__Provided data__:
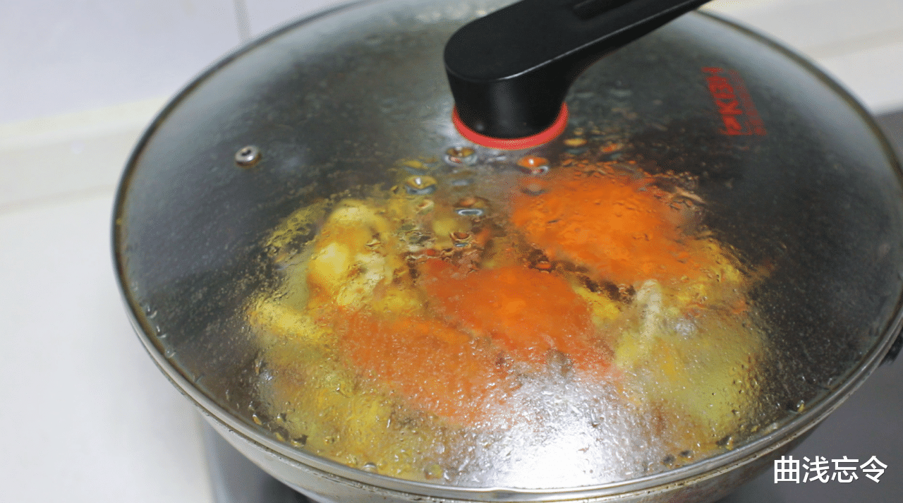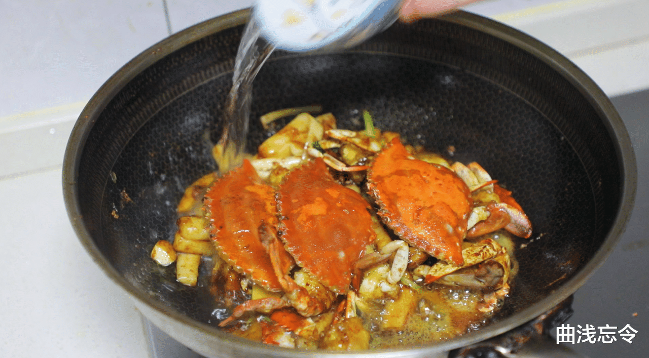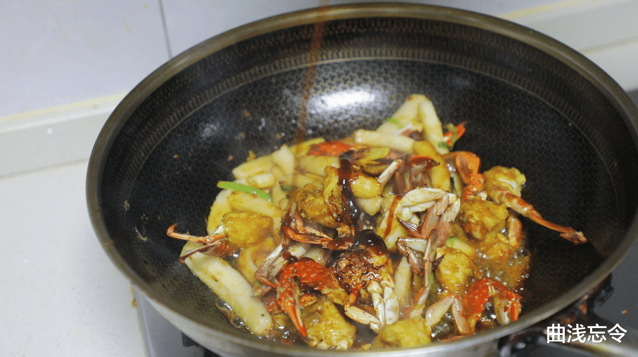 7、调味:加入白糖少许、生抽2勺、老抽半勺、耗油半勺、料酒2勺、(尝下咸淡根据口味看是否加盐,一般情况已经不用加盐,如果不喜欢加老抽和蚝油,可能还需要加少许盐,请自行斟酌。),翻炒均匀。最后在食材最上面摆放好蟹壳,加入半碗清水,关上锅盖,焖煮3分钟左右。
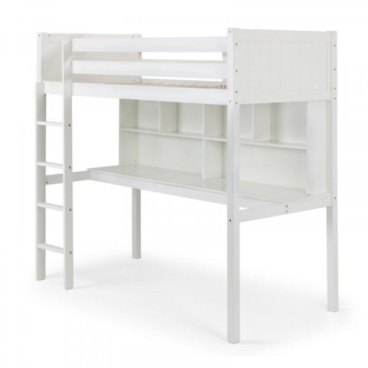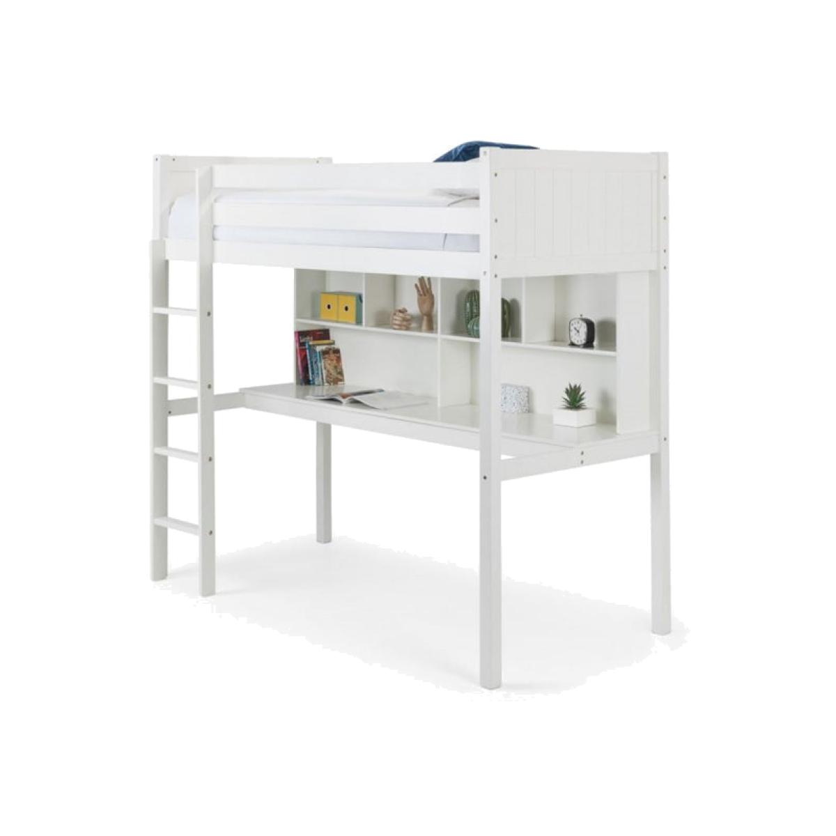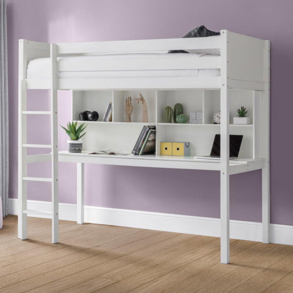 Crafted from Malaysian Hardwood and MDF, the Titan High sleeper is finished in a white lacquer, matching with any bedroom décor as they grow. Offering a classic design with panelled detailing, this high sleeper features a workstation underneath, complete with shelves and room beneath for extra storage.
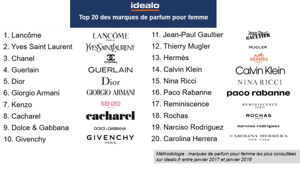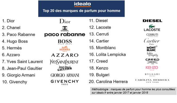 Pour établir ces classements, Idealo s’est basé sur les marques de parfum pour hommes et femmes les plus consultées sur sa plateforme entre janvier 2017 et janvier 2018, ainsi qu’aux parfums pour hommes et femmes les plus recherchés sur la même période.

__Requirement__: The response has to be an exact copy of all the data, pictures excluded.

__Result for this exercise__:
 7、调味:加入白糖少许、生抽2勺、老抽半勺、耗油半勺、料酒2勺、(尝下咸淡根据口味看是否加盐,一般情况已经不用加盐,如果不喜欢加老抽和蚝油,可能还需要加少许盐,请自行斟酌。),翻炒均匀。最后在食材最上面摆放好蟹壳,加入半碗清水,关上锅盖,焖煮3分钟左右。
 Crafted from Malaysian Hardwood and MDF, the Titan High sleeper is finished in a white lacquer, matching with any bedroom décor as they grow. Offering a classic design with panelled detailing, this high sleeper features a workstation underneath, complete with shelves and room beneath for extra storage.
 Pour établir ces classements, Idealo s’est basé sur les marques de parfum pour hommes et femmes les plus consultées sur sa plateforme entre janvier 2017 et janvier 2018, ainsi qu’aux parfums pour hommes et femmes les plus recherchés sur la même période.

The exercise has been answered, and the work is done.